#### REQUIREMENT:
The line containing "2024年8月12日,在内蒙" marks the start; extract exactly from it through the last line of the entries, and omit any pictures.

Records from a data collection:
--------

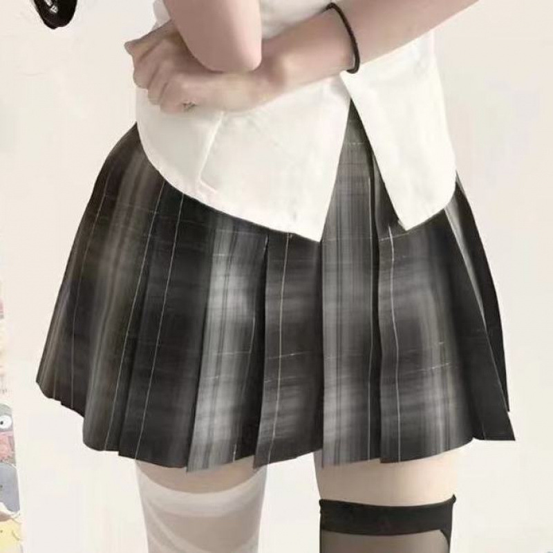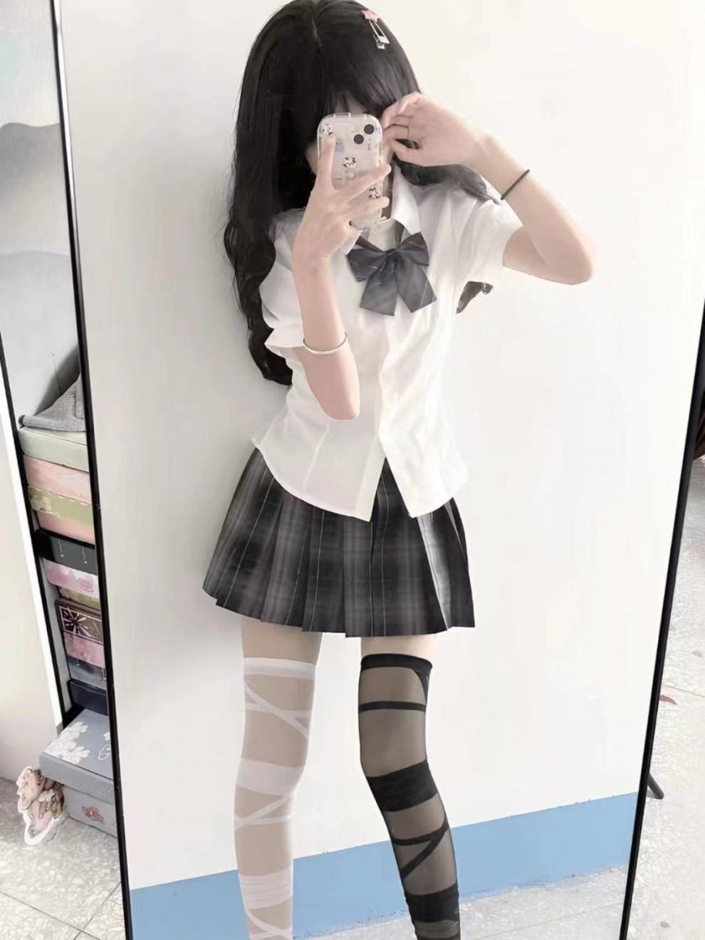 • 화이트 웨이스트 셔츠+나비넥타이+차콜그레이 체크 스커트 3종세트
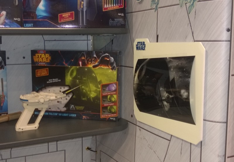 The final item being shown was the Millennium Falcon UV Light Laser. The Falcon comes mounted on a light and sound emitting base and includes a glow-in-the-dark mat and photo transparency of a Star Wars scene. By projecting the light through the transparency and onto the mat, you can create an image that will glow in the dark and can be hung on your wall.
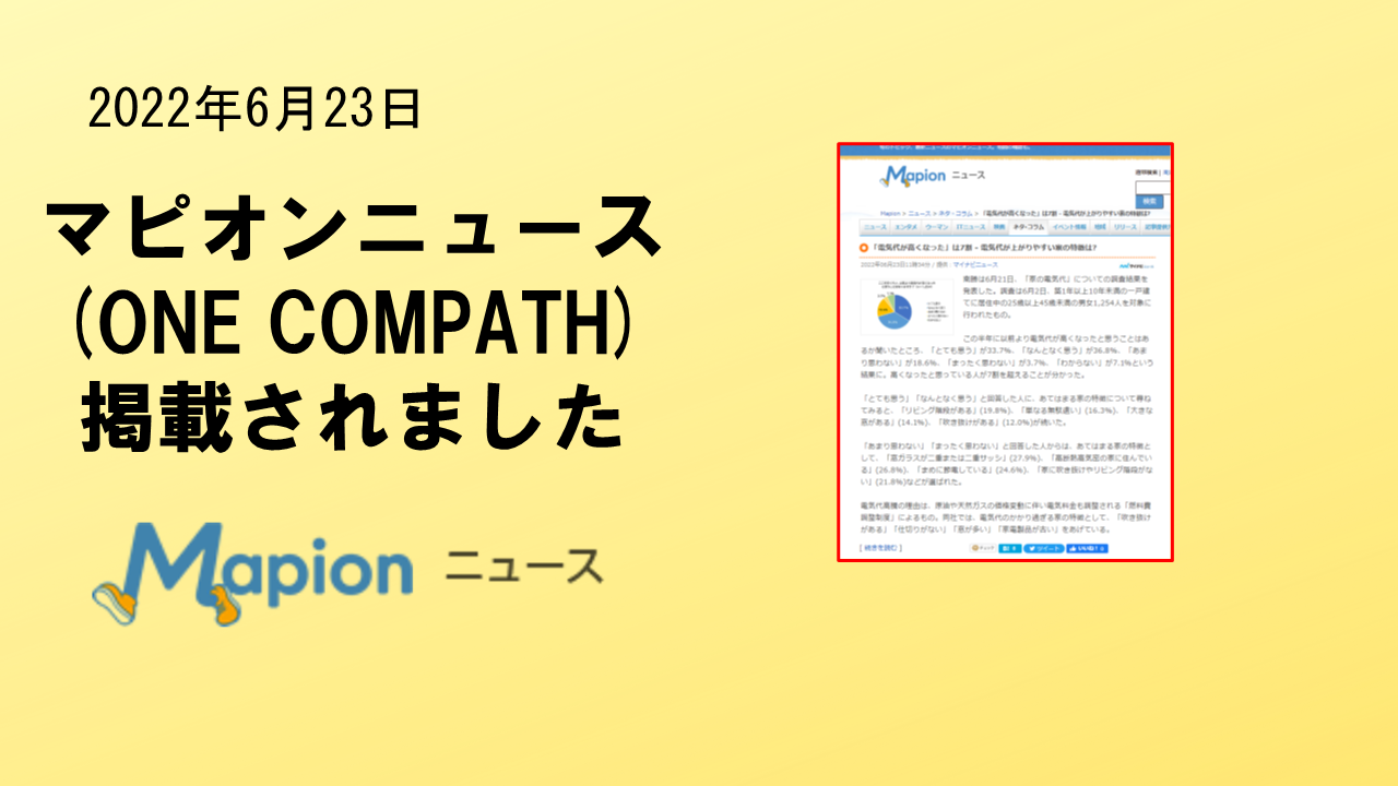 2022年6月23日「マピオンニュース」に、掲載されました。 株式会社ONE COMPATHが運用する
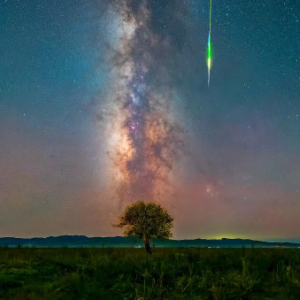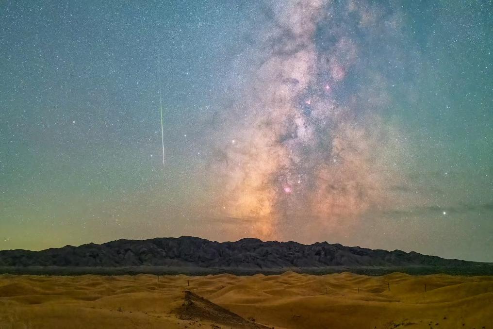 2024年8月12日,在内蒙古阿拉善盟阿拉善左旗拍摄的银河与流星同框。(霍许 摄)
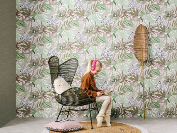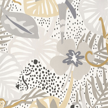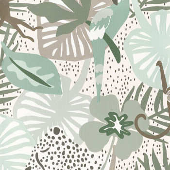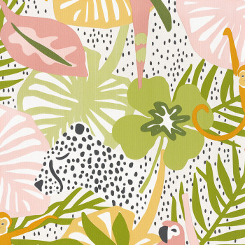 Barevná dětská vliesová tapeta na zeď - listy, opice a papoušci. Tapeta má látkovou texturu.
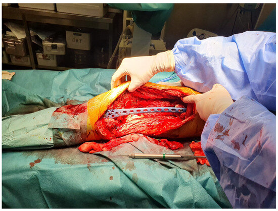 After debridement and excision, the second step involves stabilizing the limb to maintain length, alignment, and positioning prior to the insertion of the cement spacer. The choice of osteosynthesis method depends on the location of the defect. While an external fixator is typically used for stable fixation in most cases, a titanium plate was chosen in this instance due to the specific characteristics of the case (Figure 4).
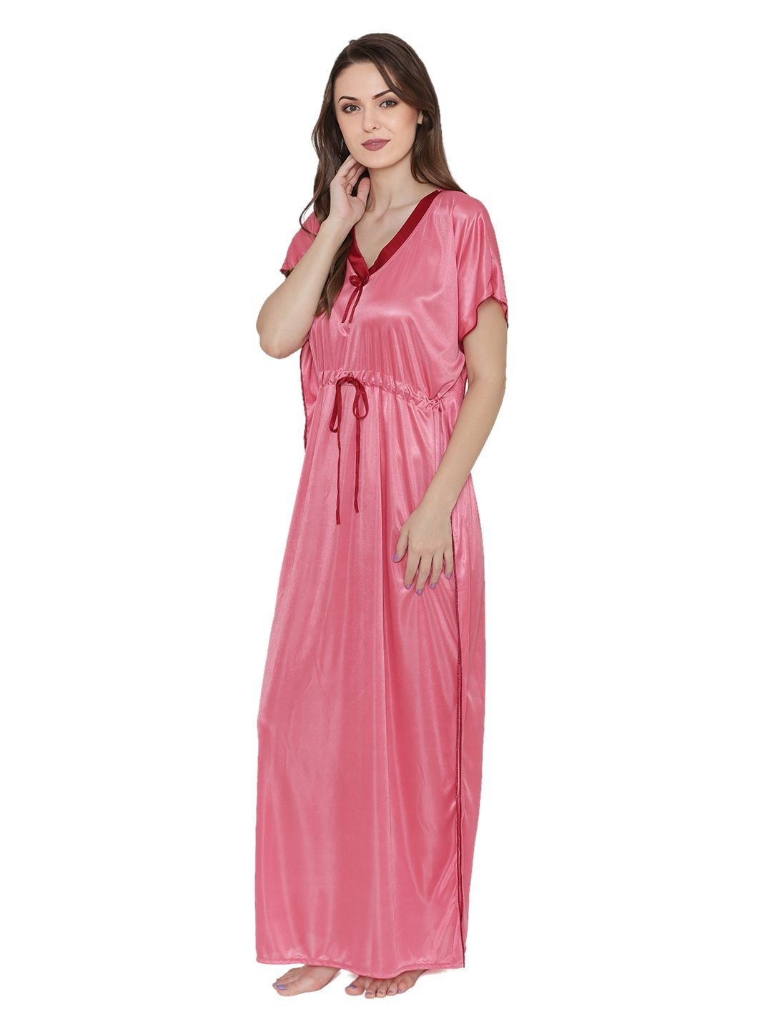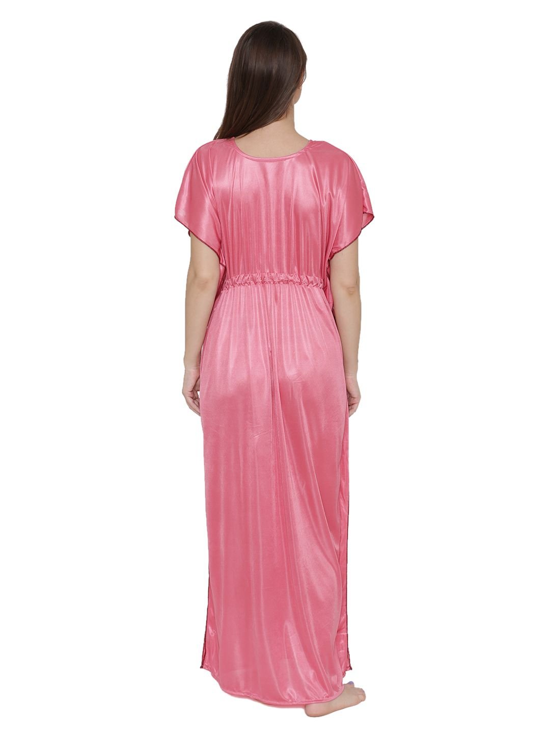 N-Gal Women's Satin Nighty Night Dress Nightwear with G,String_Pink

--------

#### WRITTEN REPLY:
 2024年8月12日,在内蒙古阿拉善盟阿拉善左旗拍摄的银河与流星同框。(霍许 摄)
 Barevná dětská vliesová tapeta na zeď - listy, opice a papoušci. Tapeta má látkovou texturu.
 After debridement and excision, the second step involves stabilizing the limb to maintain length, alignment, and positioning prior to the insertion of the cement spacer. The choice of osteosynthesis method depends on the location of the defect. While an external fixator is typically used for stable fixation in most cases, a titanium plate was chosen in this instance due to the specific characteristics of the case (Figure 4).
 N-Gal Women's Satin Nighty Night Dress Nightwear with G,String_Pink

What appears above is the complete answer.